De City of London Corporation, een onafhankelijke vierkante mijl in het hart van Londen, werd rond 1950 opgericht en vestigde zich al snel als een belangrijk handelscentrum waar uiteindelijk enkele van ’s werelds grootste financiële instellingen ontstonden, zoals de London Stock Exchange, Lloyd’s of London en, in 1694, de Bank of England. De “moderne periode” van de stad wordt soms gedateerd vanaf 1067.

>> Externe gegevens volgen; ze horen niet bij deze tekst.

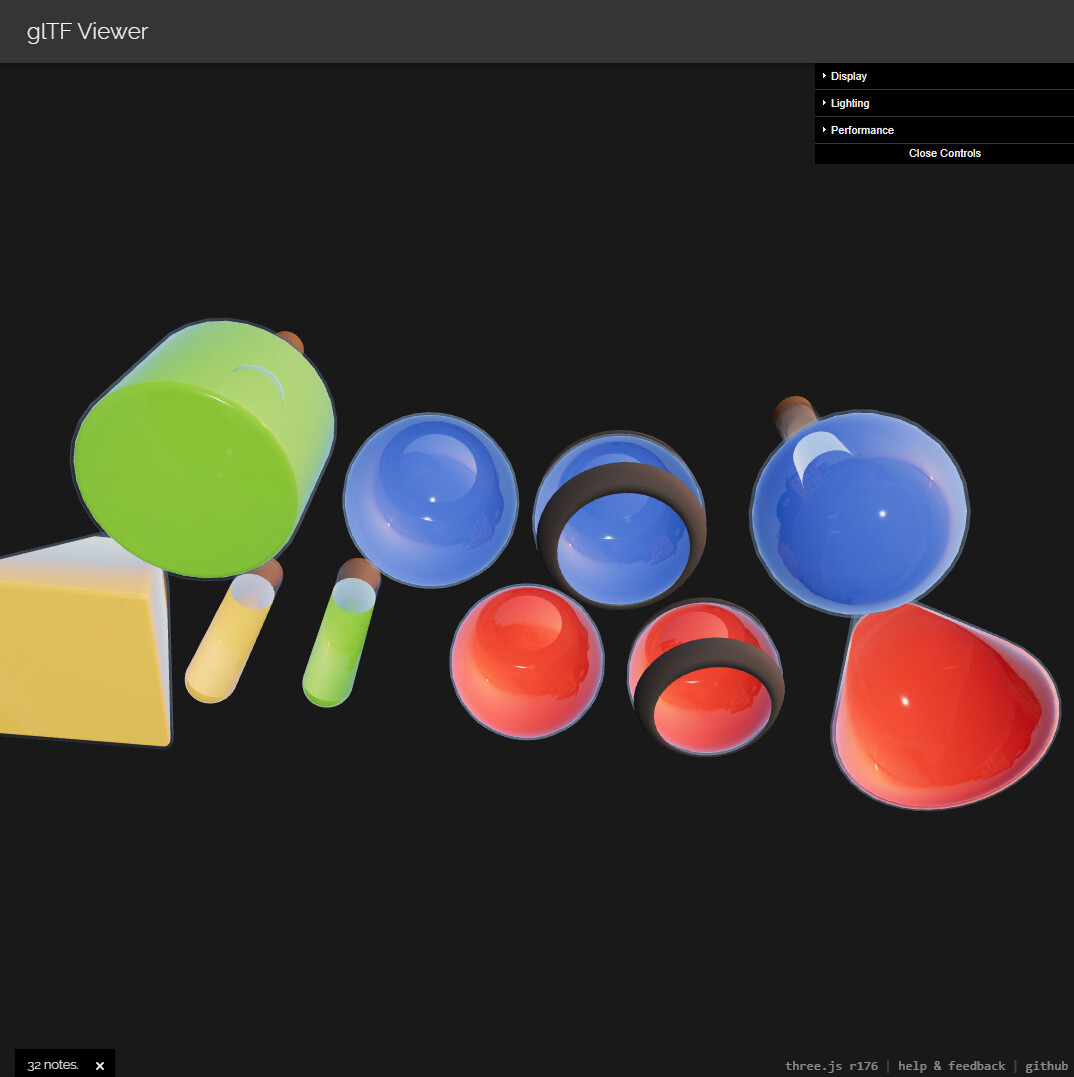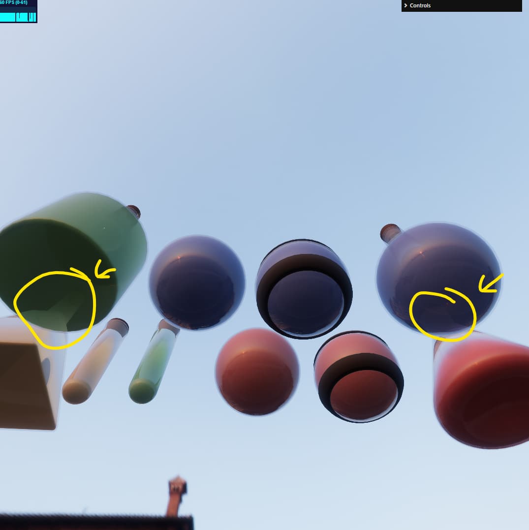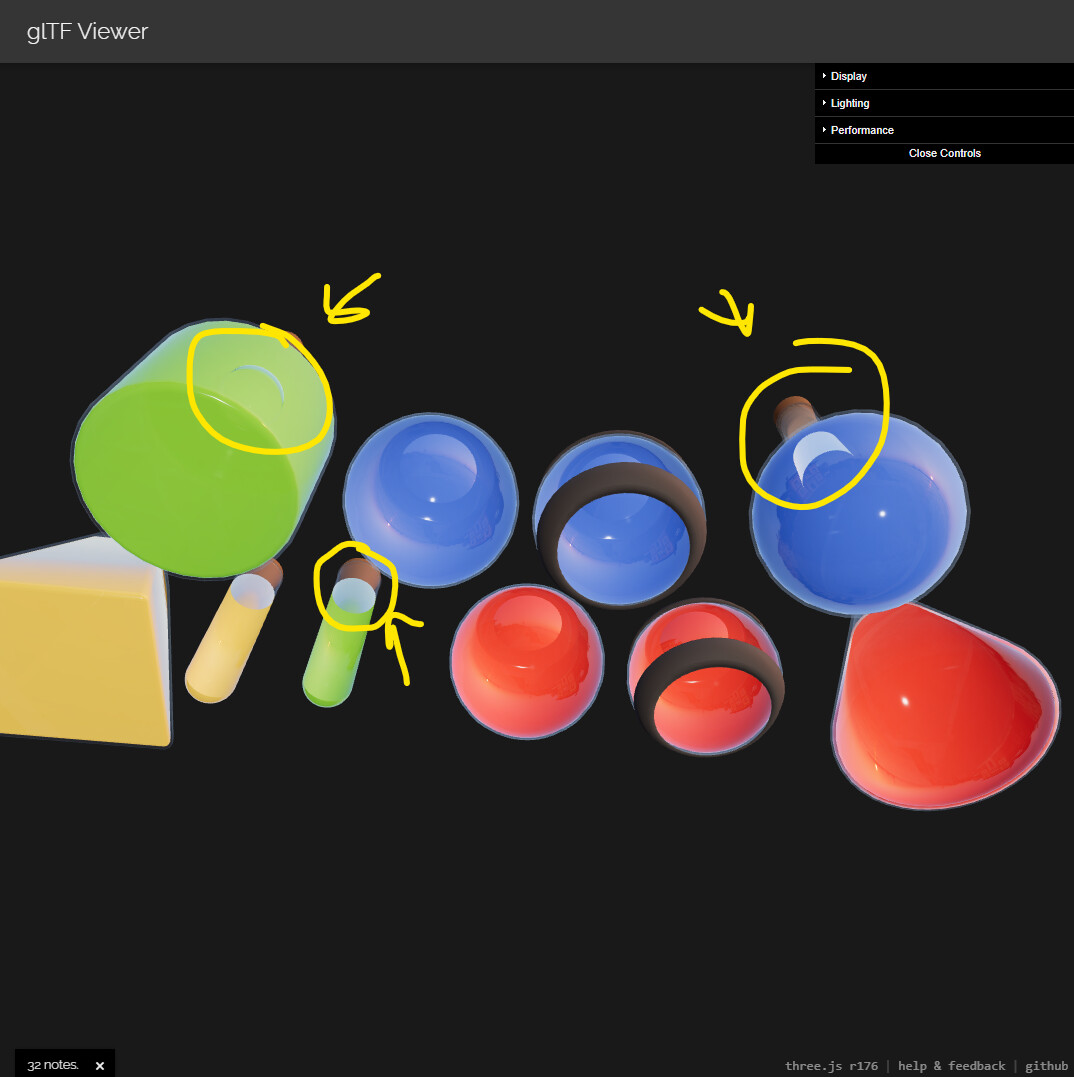 Something else interesting happens here that’s less obvious, because three.js does blending in LDR space, we lose some transparency on bright objects, such as this bottle neck shining through in Shade

Nicholas Shaxson legt echter uit dat de City “een oude, [semi-buitenlandse] entiteit is die in de Britse natiestaat is ondergebracht; een “prehistorisch monster dat op mysterieuze wijze in de moderne wereld is overgebleven”, zoals een 19e-eeuwse would-be City-hervormer het uitdrukte…. het bedrijf is een offshore-eiland in Groot-Brittannië, een belastingparadijs op zich”. Natuurlijk is de term “belastingparadijs” een verkeerde benaming, “omdat zulke plaatsen niet alleen over belastingen gaan. Wat ze verkopen is ontsnappen: aan de wetten, regels en belastingen van rechtsgebieden elders, meestal met geheimhouding als belangrijkste aanbod. Het begrip “elders” (vandaar de term “offshore”) staat centraal. De belasting- en geheimhoudingswetten van de Kaaimaneilanden zijn niet bedoeld voor de ongeveer 50.000 Kaaimannen, maar helpen rijke mensen en bedrijven, meestal in de VS en Europa, om de regels van hun eigen democratische samenleving te omzeilen. Het resultaat is een reeks regels voor een rijke elite en een andere voor de rest van ons.

In de woorden van Shaxson:

De “elders” status van de stad in Groot-Brittannië komt voort uit een eenvoudige formule: eeuwenlang hebben soevereinen en regeringen leningen van de stad gevraagd, en in ruil daarvoor heeft de stad privileges en vrijheden ontleend aan regels en wetten waaraan de rest van Groot-Brittannië zich moet onderwerpen. De stad heeft een nobele traditie in het opkomen voor de vrijheden van burgers tegen despotische vorsten, maar dit is veranderd in vrijheid voor geld. Zie “Het belastingparadijs in het hart van Groot-Brittannië“.

Zoals Gerry Docherty en Jim Macgregor het dan uitleggen, tegen 1870:

De invloed van de stad en de investeringen overschreden de nationale grenzen en brachten geld op voor regeringen en bedrijven over de hele wereld. De grote investeringshuizen verdienden miljarden, hun politieke bondgenoten en agenten werden rijker…. Edward VII, als koning en eerder als prins van Wales, ruilde vriendschap en eerbetoon in voor de genereuze steun van de Rothschilds, Cassel en andere joodse bankiersfamilies zoals de Montagus, Hirschs en Sassoons….. De Bank of England was volledig in handen van deze machtige financiers, en de relatie bleef onaangetast….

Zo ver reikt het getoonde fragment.